== Excerpted records ==

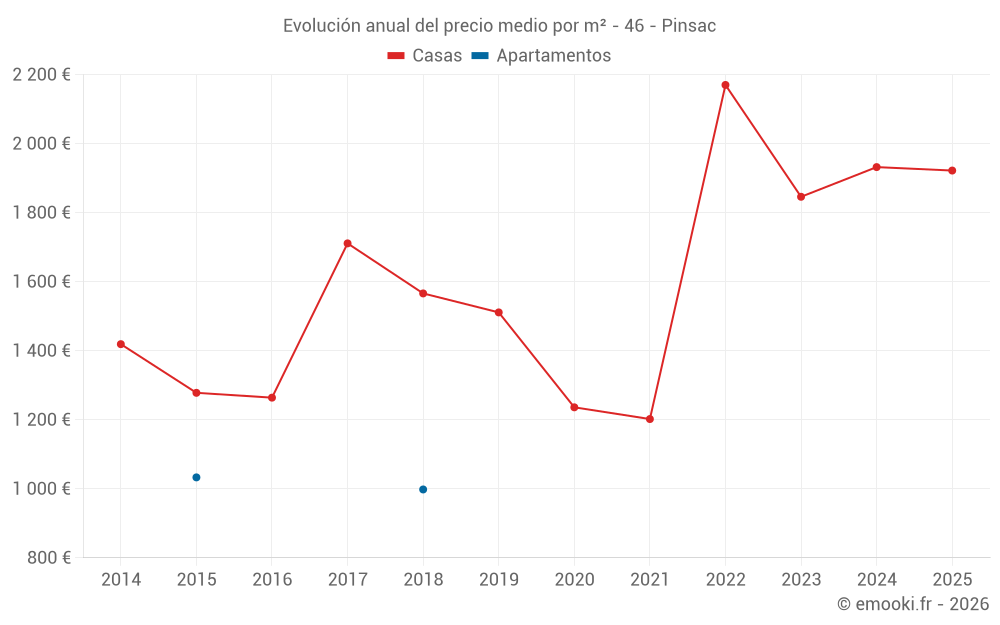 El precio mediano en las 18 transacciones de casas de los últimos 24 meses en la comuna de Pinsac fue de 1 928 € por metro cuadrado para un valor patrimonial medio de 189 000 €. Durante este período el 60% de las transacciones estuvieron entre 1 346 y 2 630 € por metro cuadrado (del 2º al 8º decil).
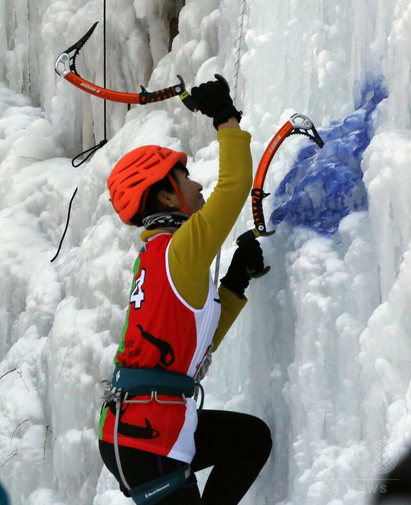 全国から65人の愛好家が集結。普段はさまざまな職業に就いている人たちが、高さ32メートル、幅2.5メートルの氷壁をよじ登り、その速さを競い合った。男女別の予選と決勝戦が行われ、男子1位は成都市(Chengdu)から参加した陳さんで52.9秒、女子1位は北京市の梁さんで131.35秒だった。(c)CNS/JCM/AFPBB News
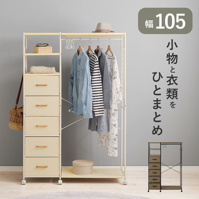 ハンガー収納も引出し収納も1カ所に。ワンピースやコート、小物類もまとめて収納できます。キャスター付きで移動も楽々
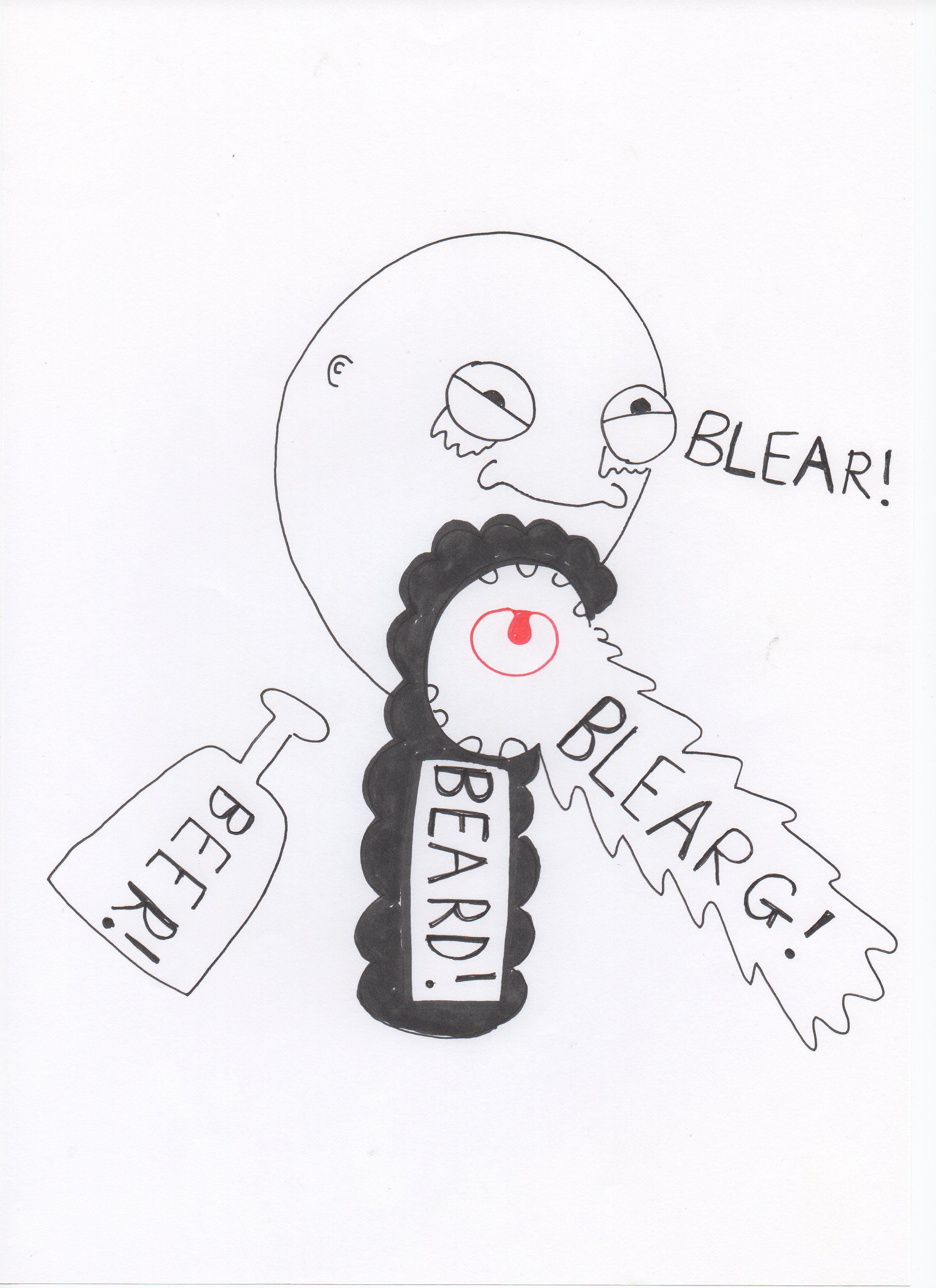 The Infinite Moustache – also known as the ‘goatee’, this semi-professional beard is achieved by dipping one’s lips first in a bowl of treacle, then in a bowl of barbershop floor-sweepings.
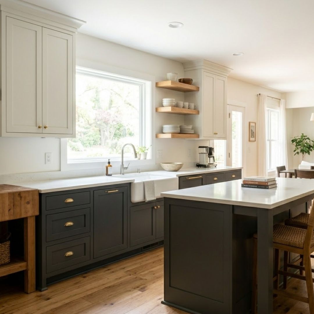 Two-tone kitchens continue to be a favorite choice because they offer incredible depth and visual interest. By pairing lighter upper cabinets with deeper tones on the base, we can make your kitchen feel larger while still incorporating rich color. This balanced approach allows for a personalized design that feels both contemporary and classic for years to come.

===

** Your instructions **
Every record must be duplicated exactly, except for the pictures, which are left out.

** Solved problem **
 El precio mediano en las 18 transacciones de casas de los últimos 24 meses en la comuna de Pinsac fue de 1 928 € por metro cuadrado para un valor patrimonial medio de 189 000 €. Durante este período el 60% de las transacciones estuvieron entre 1 346 y 2 630 € por metro cuadrado (del 2º al 8º decil).
 全国から65人の愛好家が集結。普段はさまざまな職業に就いている人たちが、高さ32メートル、幅2.5メートルの氷壁をよじ登り、その速さを競い合った。男女別の予選と決勝戦が行われ、男子1位は成都市(Chengdu)から参加した陳さんで52.9秒、女子1位は北京市の梁さんで131.35秒だった。(c)CNS/JCM/AFPBB News
 ハンガー収納も引出し収納も1カ所に。ワンピースやコート、小物類もまとめて収納できます。キャスター付きで移動も楽々
 The Infinite Moustache – also known as the ‘goatee’, this semi-professional beard is achieved by dipping one’s lips first in a bowl of treacle, then in a bowl of barbershop floor-sweepings.
 Two-tone kitchens continue to be a favorite choice because they offer incredible depth and visual interest. By pairing lighter upper cabinets with deeper tones on the base, we can make your kitchen feel larger while still incorporating rich color. This balanced approach allows for a personalized design that feels both contemporary and classic for years to come.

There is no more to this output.